Saturday, May 24, 2008
The Changes in Friendster
Friendster was one of the pioneers of social networking. Even before MySpace started to dominate the Social Networking scene, and even before Social Networking became the byword for Internet users and web developers, Friendster was already alive and making puddles among its first users. But somewhere along the way, it started to lose its relevance as MySpace, Multiply, and even YouTube took over. So many things had contributed to Friendster’s slow death: the interface made it so much less advanced than how it should be, and the users, lured by the pretty applications of Facebook, all flocked over to the Social Networking upstart.
While everyone else migrated to Facebook because it’s the newest thing on the Web, I had gone there because of the apps and because Friendster profiles that had been “overpimped” had a tendency of crashing my browser, much to my annoyance.

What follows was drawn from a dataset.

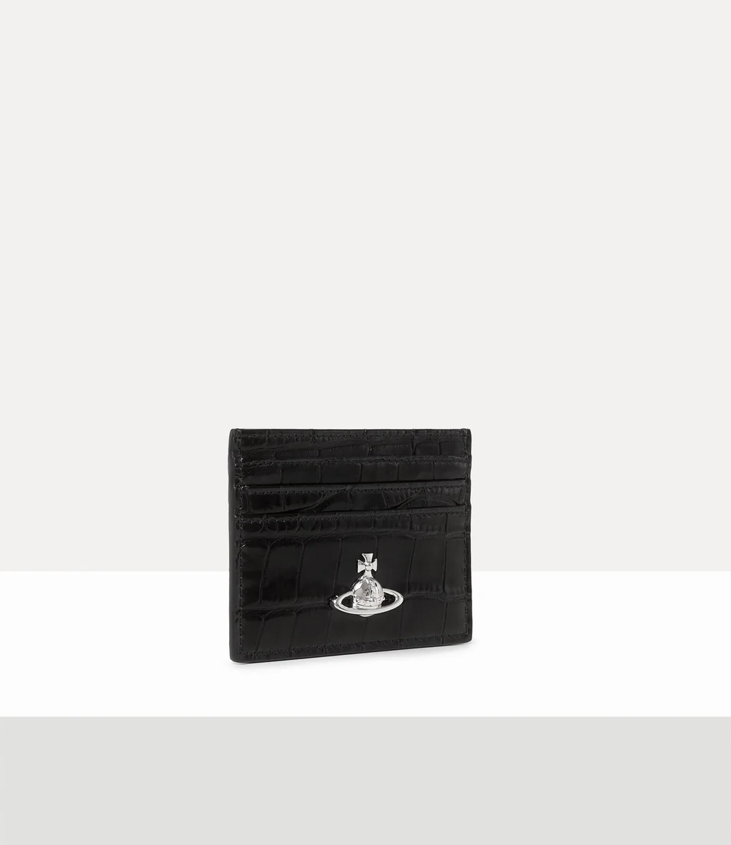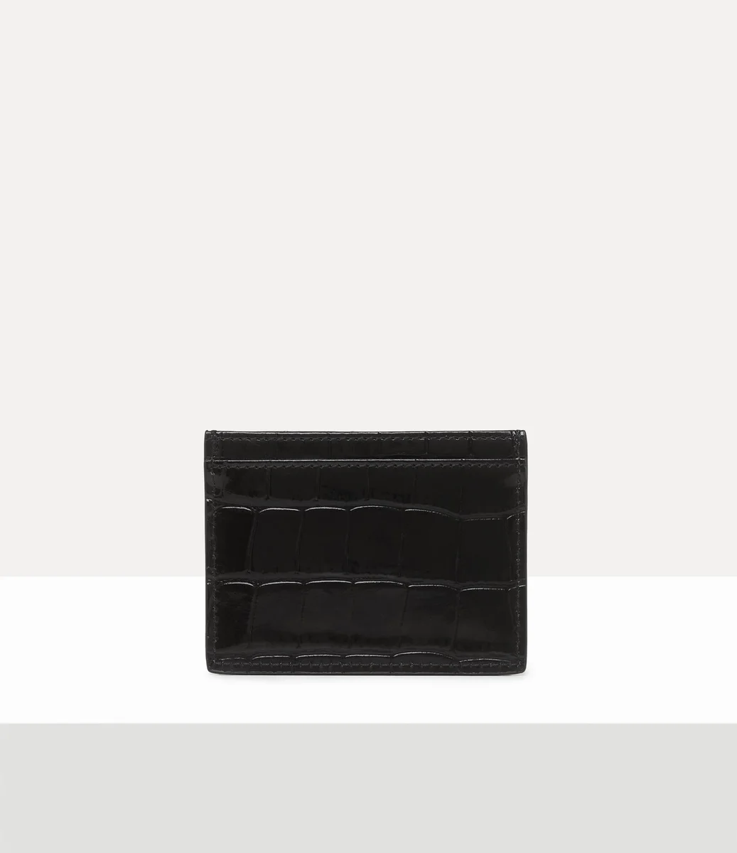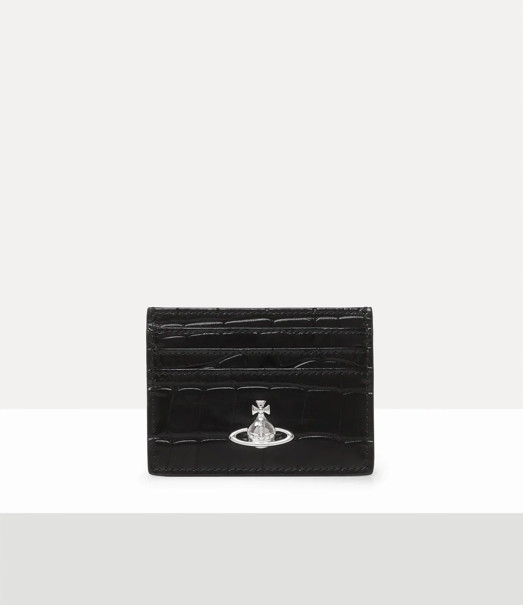 Our signature Flat Card holder is crafted from shiny leather with a croc-effect embossed finish. The slim profile is adorned with the silver-tone orb motif on the front, reflecting the house’s ethos of connecting the past to the future.

But lately, with all the changes that Friendster has done for its website, I’m becoming more and more impressed at how it has evolved. Today, instead of the über buggy profiles, even the absolutely tricked-out ones don’t kill my browser needlessly. Friendster achieved this through changing the interface, and most likely, changing the code of the website.
The great thing about Friendster is that it aims to please. A lot of the youngsters now feel rather empowered because of its “Abuse” function. They can have the trolls who either copy their profiles taken down or suspended for abuse. This is just an indication of how Friendster aims to please its users.
One superfluous addition to Friendster, however, are the apps, no doubt created to mimic Facebook’s apps. For me, this was rather useless, because people befriend people on Friendster because these are long-lost friends and schoolmates or classmates. I see Facebook as a more impersonal place, judging from the people who befriended me there.
In my opinion, Friendster is, indeed, more focused on the user himself. Friendster profiles showed more of the personality of the user, rather than giving the user an escape from the real world.
Friendster shows the personality of the user by highlighting the “About Me” and the other a la slambook fields, while Facebook is more on activity-sharing through apps.
I think Friendster should focus more on its strength: the personality and the friendship-development features of the site, and stick to that rather than imitate Facebook and a be-all kind of social network.
I just happen to like the increased stability of the pages, and I do wish they’d keep being the down-home social networking site that they aimed to be, in the first place.